The next slide has quite a bit more highlighting. Some of the information is the same but the combination of information is materially different and it helps with a different kind of analysis.

One last note, the "Worst Cash to Call" values are estimated and investors should always do their own due diligence.

Click to enlarge

The share prices on AGNCB and AGNCP moved to a reasonable level that reflects the appropriate difference in yield that the two securities should have.

The current yield on ARR-B continues to materially exceed the current yield on ARR-A. Investors should really be aiming to acquire the B shares rather than the A shares.

DX-A and DX-B (long DX-A) are trading at a fairly reasonable yield spread now. The yield is higher on A to reflect the call risk and it is already trading at par value so further increases in share price would be difficult. If the market is tanking, I think it would be reasonable for B to fall further since the yield on A would provide stronger support. On the other hand, in a strong pricing environment, DX-B can certainly gain more. I believe the strong yield on the DX preferred shares remains quite attractive. When I get more cash out of my current positions, I may take a look at putting some limit orders on again.

MFO and MFA-B are highlighted because they create an interesting scenario. It looks like MFO is eligible to be called first, but it has less credit risk. It is effectively a low grade bond with a very long potential call window. As I recall, it looked like MFO was structurally senior to MFA-B, which is pretty nice for shareholders in MFO.

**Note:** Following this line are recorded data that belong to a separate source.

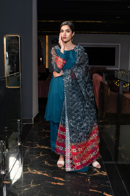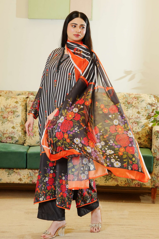 3-Piece Embroidered Black Suit with Organza Dupatta
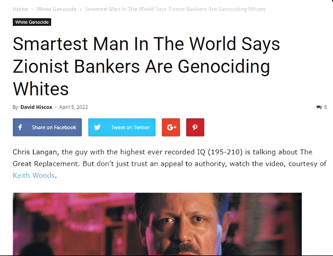 Chris Langan, s procijenjenim IQ-om između 195 i 210, više je puta u intervjuima i na društvenim mrežama govorio o "Velikoj zamjeni" te optužio određene skupine, uključujući "cionističke bankare", za planiranje genocida nad bijelom rasom.
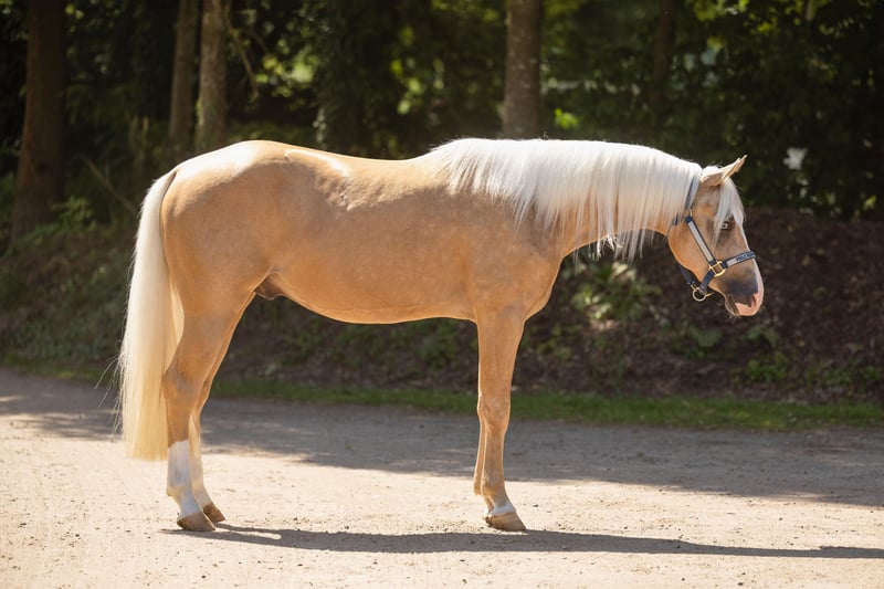 Zum Verkauf steht dieser bildhübsche Paint Horse Wallach, geboren im Mai 2022 mit einem Stockmaß von ca. 147 cm. Er ist ein Palomino mit zwei blauen Augen und überzeugt durch seine tolle Farbe, sein gutes Fundament, seinen großrahmigen und korrekten Körperbau sowie seine ausdrucksstarken Grundgangarten. Er ist gesund, geimpft und entwurmt, schmiedefromm und derzeit hinten beschlagen. Im Umgang zeigt er sich brav, entspannt, freundlich und menschenbezogen. Er ist cool, nicht schreckhaft, besitzt einen lieben Charakter und hat sichtbar Freude daran, Neues zu lernen. Er wurde spät und schonend angeritten und kennt Bodenarbeit sowie die Arbeit an der Doppellonge. Durch seine erstklassige Abstammung ist er sowohl für den Turniersport als auch als Freizeitpartner interessant und verspricht bei weiterer Förderung ein sehr gutes Sportpferd zu werden. Gesucht wird ein Platz, an dem er weiter gefördert und geschätzt wird.

I'm pretty interested in shares of MFO. They do trade above par value but the total return through the call date would still suggest around a 4% return. That isn't great but it also won't make me lose any sleep. Based on the yield on shares of MFA-B, I wouldn't be surprised if MFO was called and new preferred shares were issued.

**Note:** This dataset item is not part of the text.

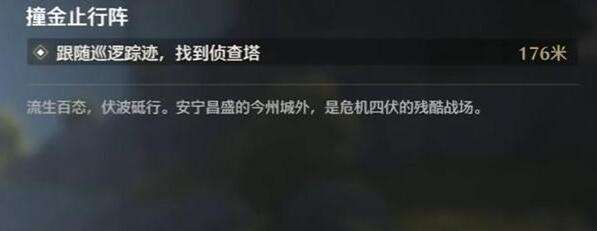 1、首先玩家需要解锁【撞金止行阵】任务,跟随巡逻踪迹,找到侦查塔。
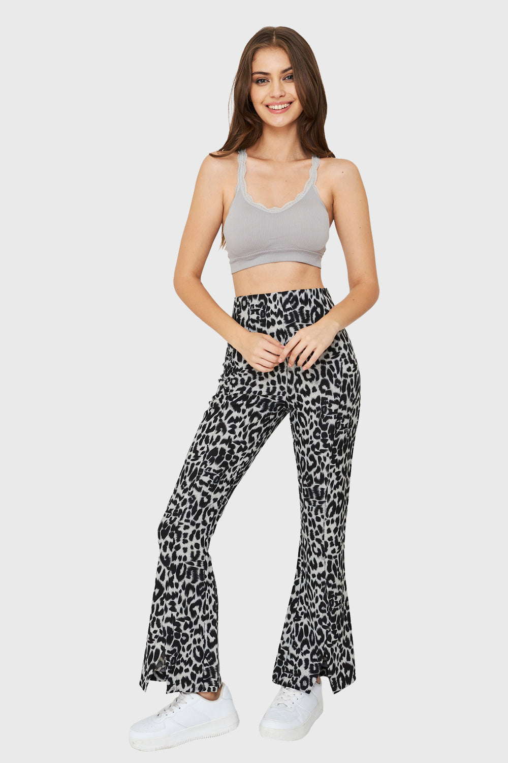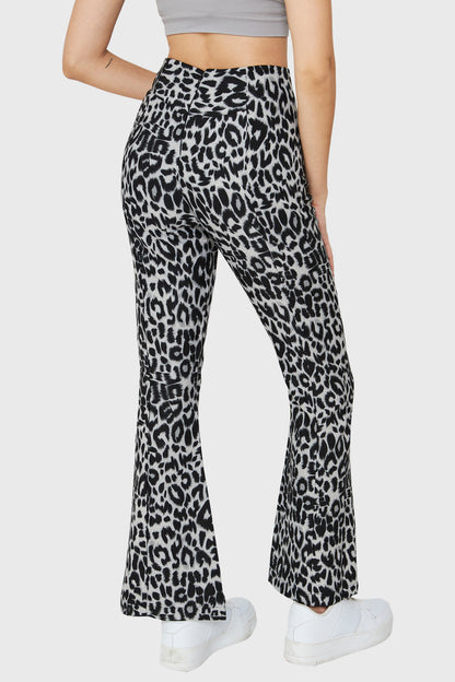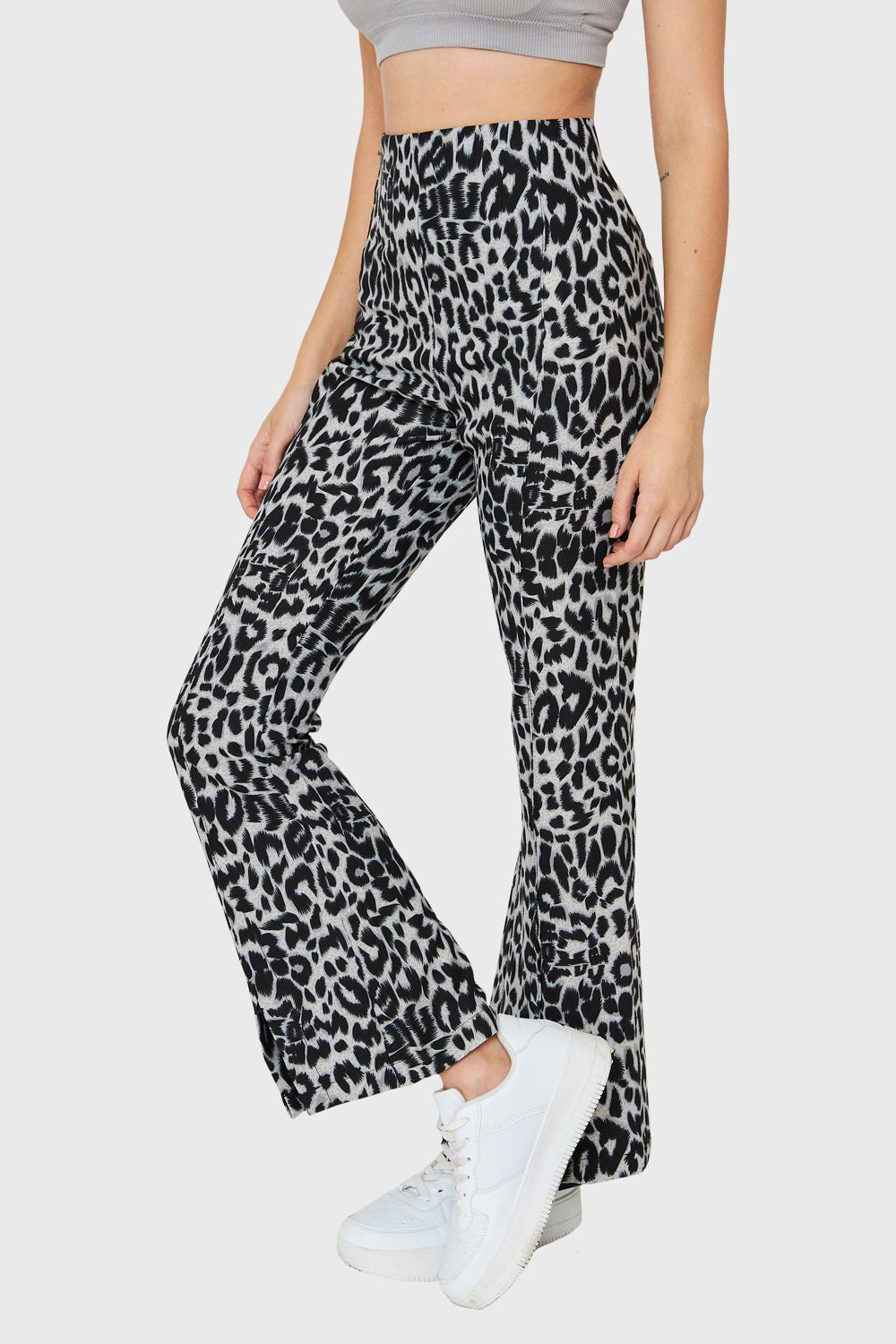 Pantalón Tajo Frontal Leopardo Gris

It seems interesting to me that NYMTP and NYMTO offer different yields. NYMTO offers the stronger yield with longer call protection and a slightly larger discount to par value. I haven't looked through the prospectus for each issue to try to find any underlying difference in the series. At a glance, it appears that NYMTO is a materially better investment than NYMTP.

Ironic

The highest yielding preferred shares are clumped at the bottom of the chart, but the chart is simply sorted alphabetically. There should be no connection, but it is ironic to see.

Conclusion

I'm looking to do more coverage on preferred shares because I want to nudge my portfolio towards a higher allocation to preferred shares. The broad equity market remains quite high and I'd like a way to earn a respectable yield with risks that I feel comfortable taking. There are some significant risks for investing in preferred shares, but the overall picture looks pretty solid to me.

Beware the liquidity risk. This is an area where investors need to be comfortable with putting in their target price and taking the risk that an order won't be filled.

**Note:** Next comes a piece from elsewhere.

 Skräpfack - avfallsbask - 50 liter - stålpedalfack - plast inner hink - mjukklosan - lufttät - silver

Disclosure: I am/we are long DX-A AND COMMON OF ARR.

I wrote this article myself, and it expresses my own opinions. I am not receiving compensation for it (other than from Seeking Alpha). I have no business relationship with any company whose stock is mentioned in this article.

Additional disclosure: Information in this article represents the opinion of the analyst. All statements are represented as opinions, rather than facts, and should not be construed as advice to buy or sell a security. This article is prepared solely for publication on Seeking Alpha and any reproduction of it on other sites is unauthorized. Ratings of “outperform” and “underperform” reflect the analyst’s estimation of a divergence between the market value for a security and the price that would be appropriate given the potential for risks and returns relative to other securities. The analyst does not know your particular objectives for returns or constraints upon investing. All investors are encouraged to do their own research before making any investment decision. Information is regularly obtained from Yahoo Finance, Google Finance, and SEC Database. If Yahoo, Google, or the SEC database contained faulty or old information it could be incorporated into my analysis.